The items highlight the contributions of Samuel S. McClure, an 1882 Knox graduate who founded one of the pioneering publications in the field of investigative journalism, McClure's Magazine.
McClure's name is contained in a database, accessible by visitors touring the News Corporation News History Gallery in the Newseum. The Gallery's video displays and database chronicle several hundred especially noteworthy print, broadcast and on-line journalists and organizations.
In addition to McClure himself, the Gallery showcases one of the writers first published in McClure's, Ida Tarbell. She is noted in the display for her series of investigative articles in McClure's, "The History of Standard Oil Company."

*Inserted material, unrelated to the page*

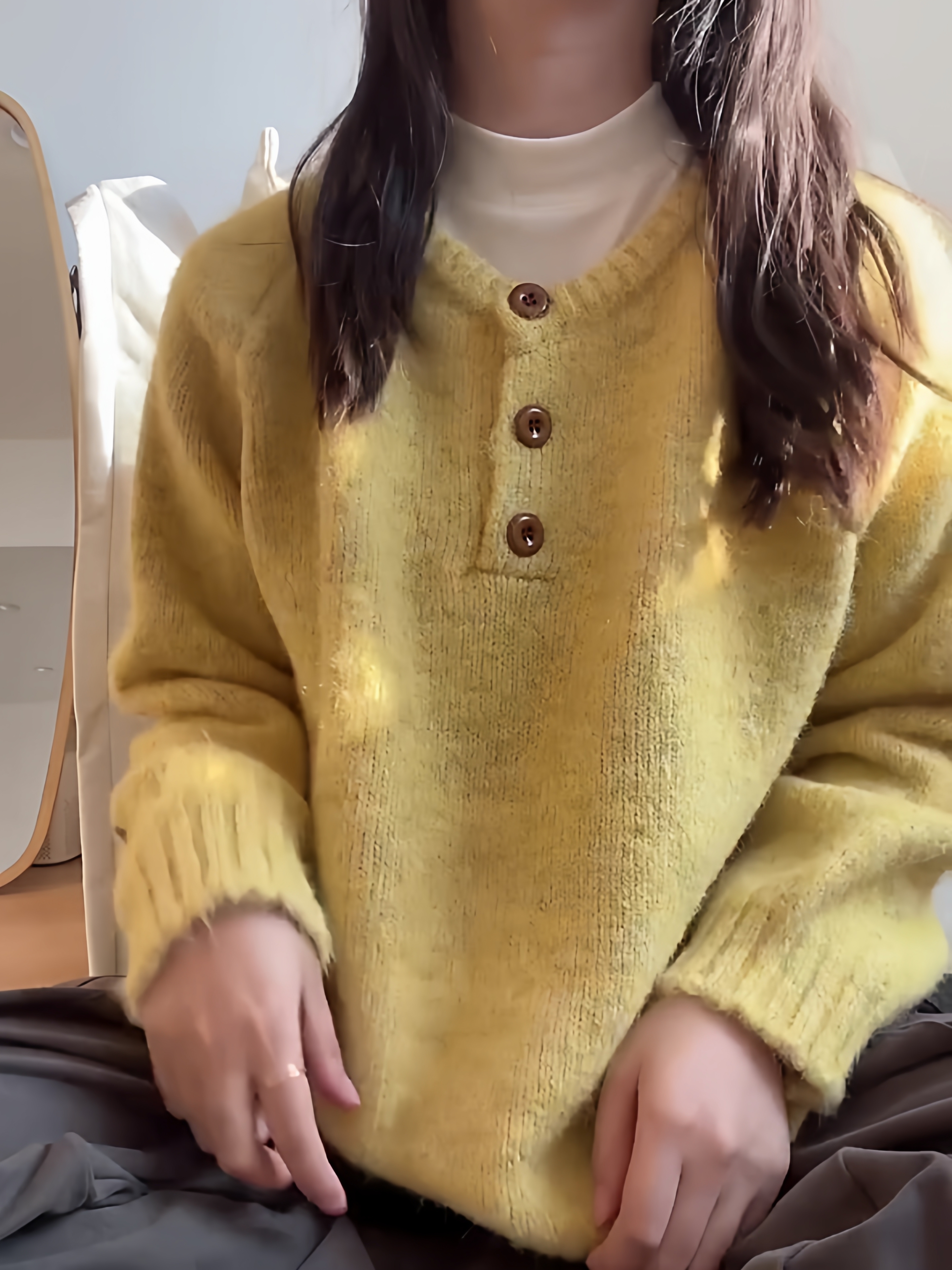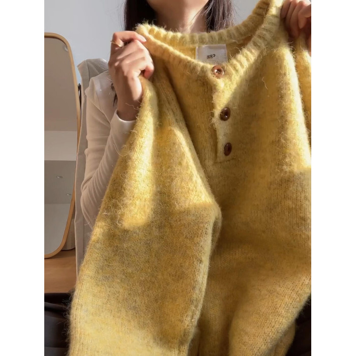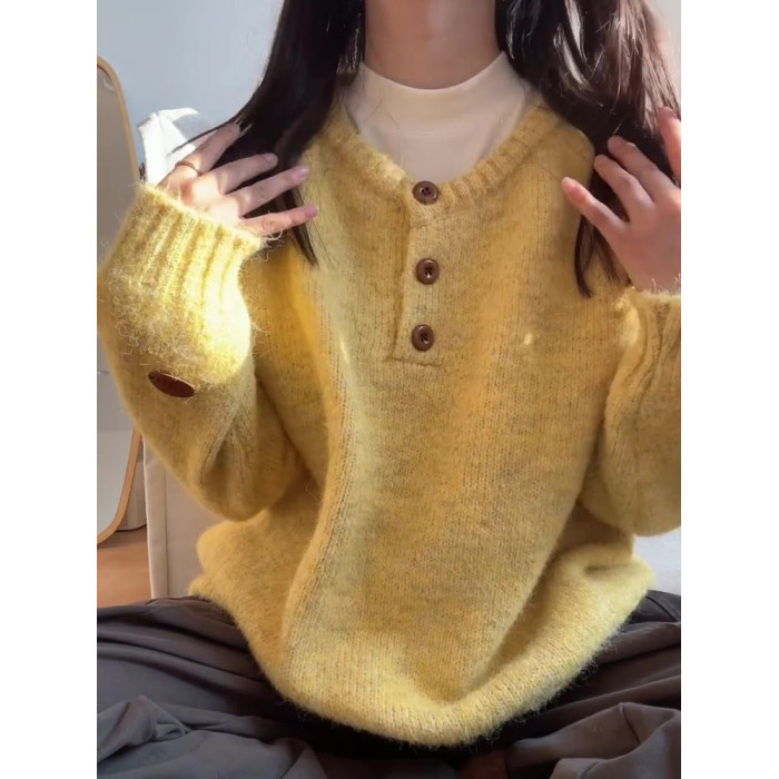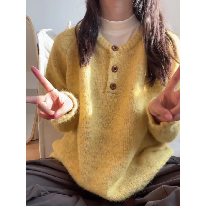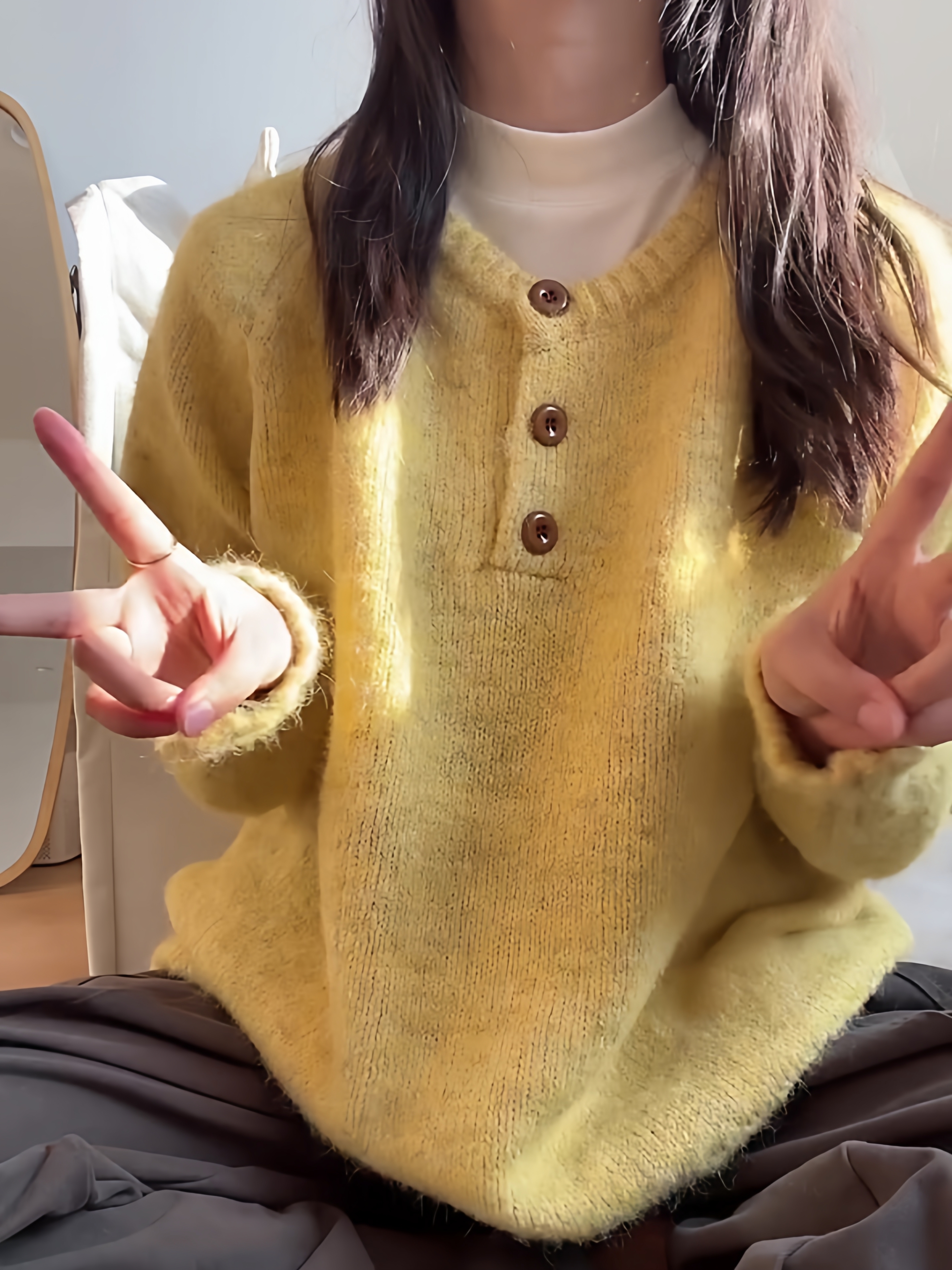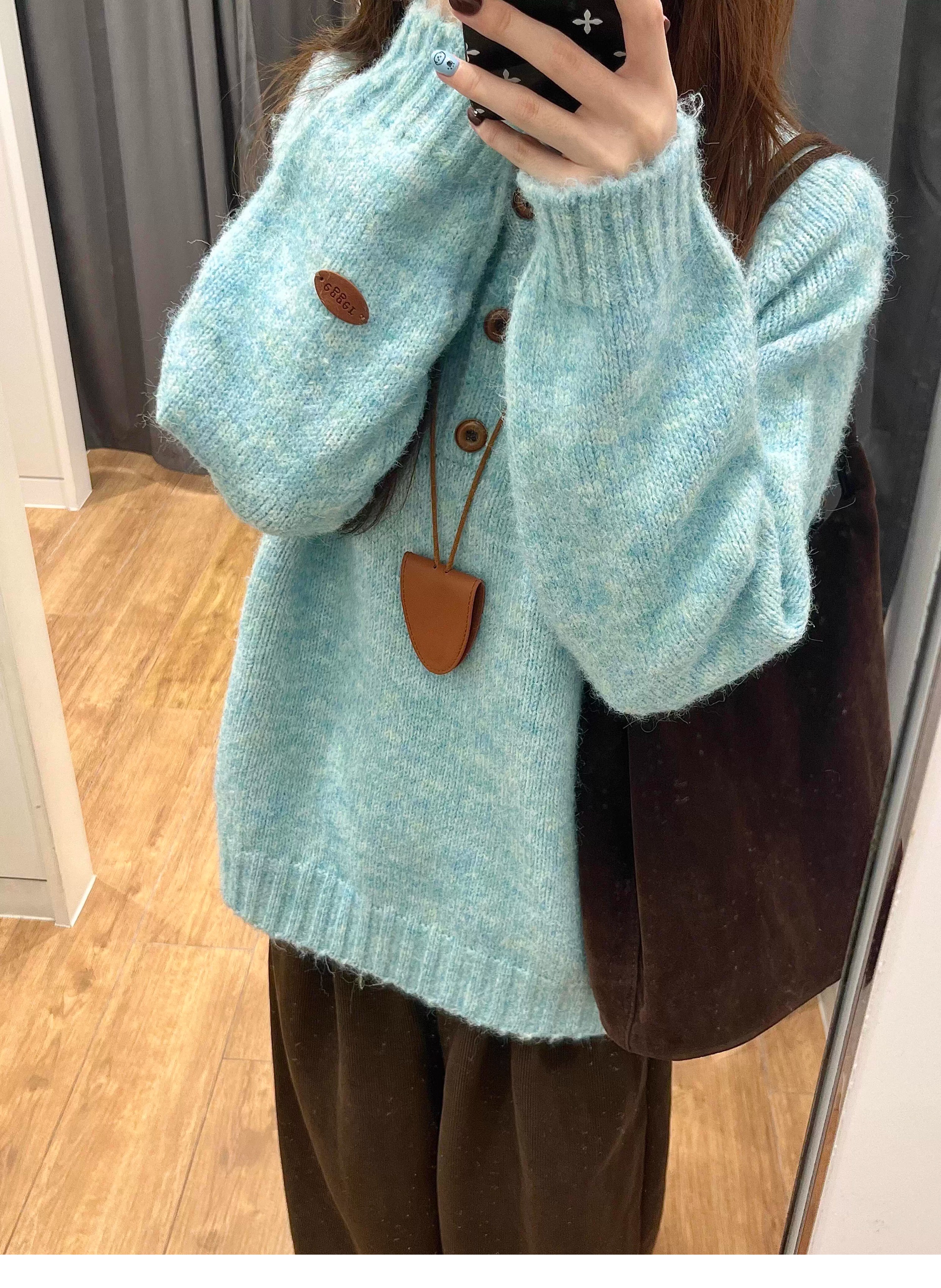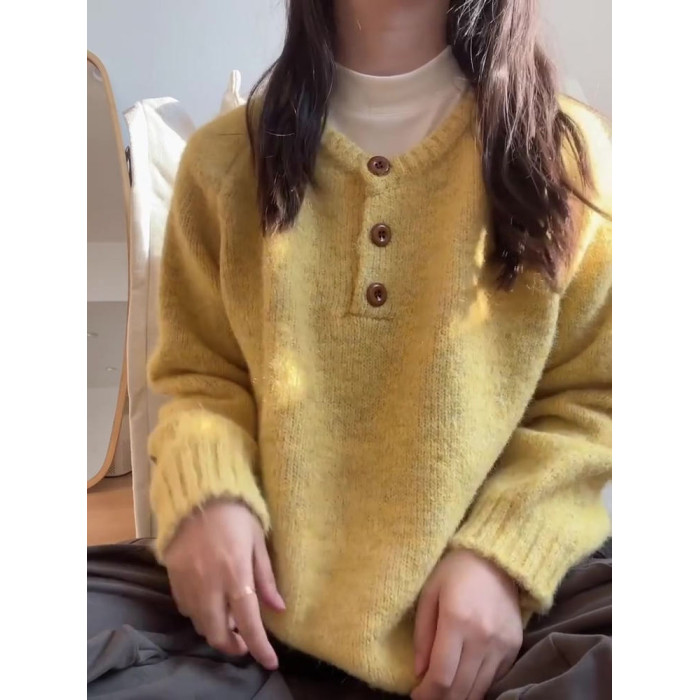 秋冬氛圍感亨利領長袖針織衫女2025新款加厚寬松慵懶軟糯套頭毛衣

Another Knox graduate in the database of prominent journalists is Robert J. Northshield, a 1943 Knox graduate. Northshield worked for NBC, ABC and CBS news divisions. He created the "CBS News Sunday Morning" and the "On the Road" segments with Charles Kuralt -- both breakthrough programming initiatives for the weekend-morning time-slot.
The 250,000 square-foot museum is at Pennsylvania Avenue and Sixth Street, N.W., in Washington, DC. The exhibits include new "4-D" effects -- 3-D video plus environmental effects.
Founded in 1837, Knox is a national liberal arts college in Galesburg, Illinois, with students from 45 states and 44 nations. Knox's "Old Main" is a National Historic Landmark and the only building remaining from the 1858 Lincoln-Douglas debates. Other prominent Knox alumni in the field of journalism include Ellen Browning Scripps, a 19th-century alumnus who helped found one of the first news syndicates; Barry Bearak, a 1971 graduate awarded for Pulitzer Prize for his coverage of Afghanistan for the New York Times; and Bob Jamieson, an Emmy-Award winning reporter for ABC News.